If he finds there are still more things to say than what his Shou (hand) could bring out, or if his bamboo and orchids could not depict all his message and represent all his feelings, he rather writes extra poems or even more bamboo or orchids with more poems to go with the first portion. It is also true that when a poet feels his poem is not very efficient to express his mood, he writes
some bamboo and orchids as the complement.
Training in brushwork and in the symbolism related to moods and feelings was part of the traditional education of a scholar. Up to modern times the discipline was still very much emphasized of practicing and memorizing in both calligraphic styles and painting modes and in the study of the Classics and ancient poetry. Actually, it was a matter of course to write,
to be one of the literati. The preliminary steps require many diligent years and account for two important features of Chinese art, which traditionally covers poetry, calligraphy and painting. The first is the close relationship between painting and calligraphy. The same soft, pointed brush is used with a consequent emphasis on high standards of brushwork. The second feature is the traditional view that painting, or writing, is not a profession but an extension of the art of living, for the practice of the Tao (the way) of painting, writing and carving is part of the Tao to human conduct and thought, of living in harmony with the laws of Tao, the Universe, the basic Chinese concept of order and harmony in nature.

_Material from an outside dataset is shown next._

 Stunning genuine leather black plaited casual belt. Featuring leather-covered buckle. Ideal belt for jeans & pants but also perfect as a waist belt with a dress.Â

Calligraphy by this author
Chinese arts have usually been an expression of maturity. Most of the great masters first distinguished 'themselves as officials, scholars, poets, or expert calligraphers before they turned to painting. Because of their maturity, the masters believed that a painting was, or at least should be, a revelation of the nature of the man who painted it, and of his mood and feelings at the moment he painted it. This is the fundamental contention of the Wen-jen-hua or literati painting theory. It has been repeatedly written in many Chinese books that the expressive content of a painting depends more upon the artist's own personal qualities and his transient feelings than upon the qualities of the subject represented. A man of wide learning, refinement, and noble character will, if he adds to these attributes a moderate degree of acquired technical ability, produce paintings of a superior kind.

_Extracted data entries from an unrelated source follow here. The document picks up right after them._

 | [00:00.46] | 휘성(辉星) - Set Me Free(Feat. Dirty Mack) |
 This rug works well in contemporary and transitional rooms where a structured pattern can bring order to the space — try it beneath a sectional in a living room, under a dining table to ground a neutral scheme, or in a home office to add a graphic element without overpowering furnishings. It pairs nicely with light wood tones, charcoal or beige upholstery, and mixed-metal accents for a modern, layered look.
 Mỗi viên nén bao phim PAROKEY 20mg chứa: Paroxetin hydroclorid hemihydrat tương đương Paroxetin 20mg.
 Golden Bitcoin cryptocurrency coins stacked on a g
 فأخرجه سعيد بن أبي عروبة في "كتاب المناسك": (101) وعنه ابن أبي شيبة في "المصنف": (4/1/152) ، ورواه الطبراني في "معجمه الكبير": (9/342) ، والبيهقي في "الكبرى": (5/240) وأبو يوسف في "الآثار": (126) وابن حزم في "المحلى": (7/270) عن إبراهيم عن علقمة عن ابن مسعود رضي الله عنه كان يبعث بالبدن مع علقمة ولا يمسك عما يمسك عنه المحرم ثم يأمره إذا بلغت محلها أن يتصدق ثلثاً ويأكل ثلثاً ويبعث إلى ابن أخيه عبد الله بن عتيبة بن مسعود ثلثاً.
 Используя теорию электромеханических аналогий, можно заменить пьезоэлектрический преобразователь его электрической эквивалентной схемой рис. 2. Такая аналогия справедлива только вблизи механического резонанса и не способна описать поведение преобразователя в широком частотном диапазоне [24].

Although, according to ancient Chinese records, pictorial writing was one of the early ways of communication, it never developed into an art form, i.e., calligraphy, until the days of Confucius and even later. And due to the Confucian doctrine, the skills of a scholar, such as playing musical instruments, painting and making seal chops, are never too highly praised, but the superiority of his poetry and his calligraphy is a permanent guide to his excellence in art. A master who is considered as a man of three exquisitenesses
in the history of Chinese art is always at first a poet. When these exquisitenesses are written of, the order is: poems first, calligraphy second and painting last. Many art critics in traditional China agreed that what is implicitly contained in a place of writing is likely to be more profound and meaningful than what is explicitly stated in a painting. The expression of what is either too subtle or too strong for direct verbal statement is the only reason to have painting as a substitute for literature. Thus, the literati painting are productions of the virtue of concealment, or of the way of indirection, just as Chinese poems also usually are.